◆ Material shown:
= = = = =

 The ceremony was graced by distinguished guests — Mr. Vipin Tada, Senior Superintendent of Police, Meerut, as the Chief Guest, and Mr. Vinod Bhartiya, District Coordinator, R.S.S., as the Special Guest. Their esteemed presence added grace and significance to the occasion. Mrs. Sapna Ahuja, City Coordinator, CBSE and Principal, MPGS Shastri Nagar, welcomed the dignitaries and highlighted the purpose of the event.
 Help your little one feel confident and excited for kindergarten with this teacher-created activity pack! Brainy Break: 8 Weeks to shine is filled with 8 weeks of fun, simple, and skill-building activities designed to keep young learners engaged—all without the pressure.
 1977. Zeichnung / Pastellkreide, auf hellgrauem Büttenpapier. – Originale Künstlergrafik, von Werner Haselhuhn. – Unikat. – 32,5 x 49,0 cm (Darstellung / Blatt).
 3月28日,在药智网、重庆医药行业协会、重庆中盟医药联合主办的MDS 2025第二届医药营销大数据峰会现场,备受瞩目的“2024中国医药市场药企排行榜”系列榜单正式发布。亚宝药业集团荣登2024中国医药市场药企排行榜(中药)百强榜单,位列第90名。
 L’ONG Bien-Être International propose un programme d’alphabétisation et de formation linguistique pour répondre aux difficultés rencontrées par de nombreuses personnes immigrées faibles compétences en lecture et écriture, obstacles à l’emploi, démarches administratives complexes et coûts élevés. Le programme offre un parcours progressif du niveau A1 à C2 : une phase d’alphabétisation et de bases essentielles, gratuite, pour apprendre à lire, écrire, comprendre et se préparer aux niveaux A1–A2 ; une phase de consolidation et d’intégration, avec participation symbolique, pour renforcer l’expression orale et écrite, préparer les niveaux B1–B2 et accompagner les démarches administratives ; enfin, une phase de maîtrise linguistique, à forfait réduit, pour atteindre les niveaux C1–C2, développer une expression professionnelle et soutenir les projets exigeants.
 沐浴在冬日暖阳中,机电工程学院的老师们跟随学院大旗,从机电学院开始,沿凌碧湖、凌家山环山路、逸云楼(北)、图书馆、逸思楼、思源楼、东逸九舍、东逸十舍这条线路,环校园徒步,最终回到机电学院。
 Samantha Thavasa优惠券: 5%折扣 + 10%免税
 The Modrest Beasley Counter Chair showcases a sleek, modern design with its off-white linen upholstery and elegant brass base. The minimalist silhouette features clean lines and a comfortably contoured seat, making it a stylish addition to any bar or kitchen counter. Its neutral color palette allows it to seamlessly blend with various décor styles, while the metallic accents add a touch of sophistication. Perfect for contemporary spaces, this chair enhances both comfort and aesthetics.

= = = = =

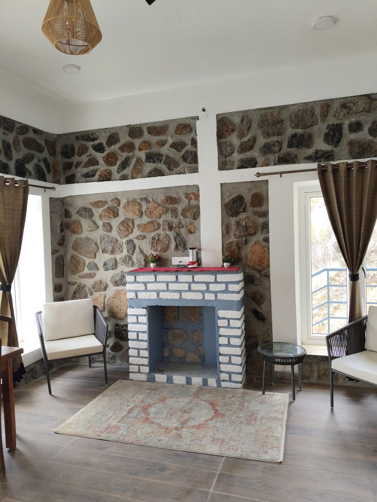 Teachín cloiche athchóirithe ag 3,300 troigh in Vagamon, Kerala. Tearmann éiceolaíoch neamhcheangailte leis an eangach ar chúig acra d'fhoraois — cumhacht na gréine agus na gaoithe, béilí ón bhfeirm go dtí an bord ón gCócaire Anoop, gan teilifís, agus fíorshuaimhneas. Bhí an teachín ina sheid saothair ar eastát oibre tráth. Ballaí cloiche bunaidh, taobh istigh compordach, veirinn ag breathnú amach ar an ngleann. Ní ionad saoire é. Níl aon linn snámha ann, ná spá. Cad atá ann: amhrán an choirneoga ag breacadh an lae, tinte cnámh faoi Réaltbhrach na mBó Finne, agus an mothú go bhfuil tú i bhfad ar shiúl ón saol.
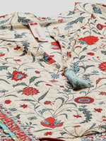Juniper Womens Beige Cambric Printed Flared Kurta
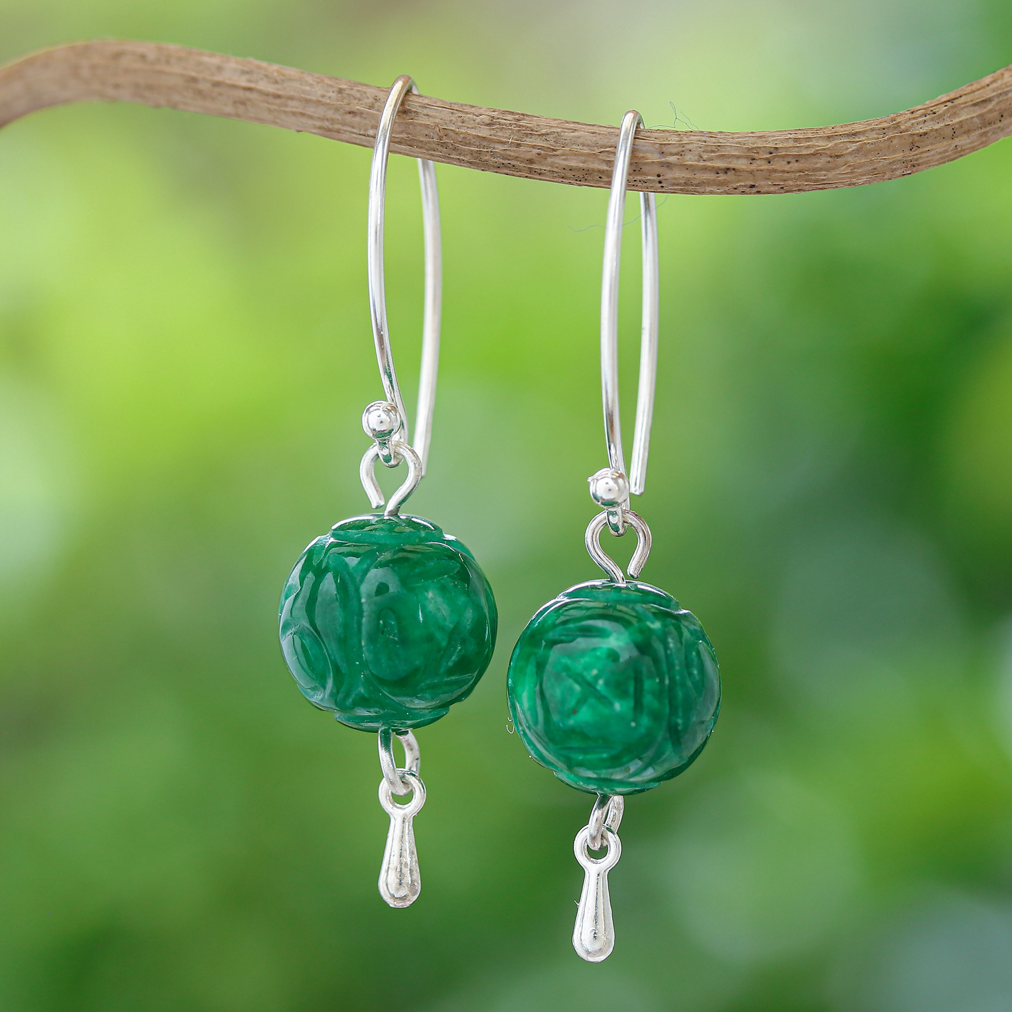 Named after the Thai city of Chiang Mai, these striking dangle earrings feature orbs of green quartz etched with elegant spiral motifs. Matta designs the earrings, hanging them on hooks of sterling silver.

= = = = =

◆ Task requirements: Gather and copy every line of the data in which the string "this" is found.

◆ Completed task:
 Help your little one feel confident and excited for kindergarten with this teacher-created activity pack! Brainy Break: 8 Weeks to shine is filled with 8 weeks of fun, simple, and skill-building activities designed to keep young learners engaged—all without the pressure.
 The Modrest Beasley Counter Chair showcases a sleek, modern design with its off-white linen upholstery and elegant brass base. The minimalist silhouette features clean lines and a comfortably contoured seat, making it a stylish addition to any bar or kitchen counter. Its neutral color palette allows it to seamlessly blend with various décor styles, while the metallic accents add a touch of sophistication. Perfect for contemporary spaces, this chair enhances both comfort and aesthetics.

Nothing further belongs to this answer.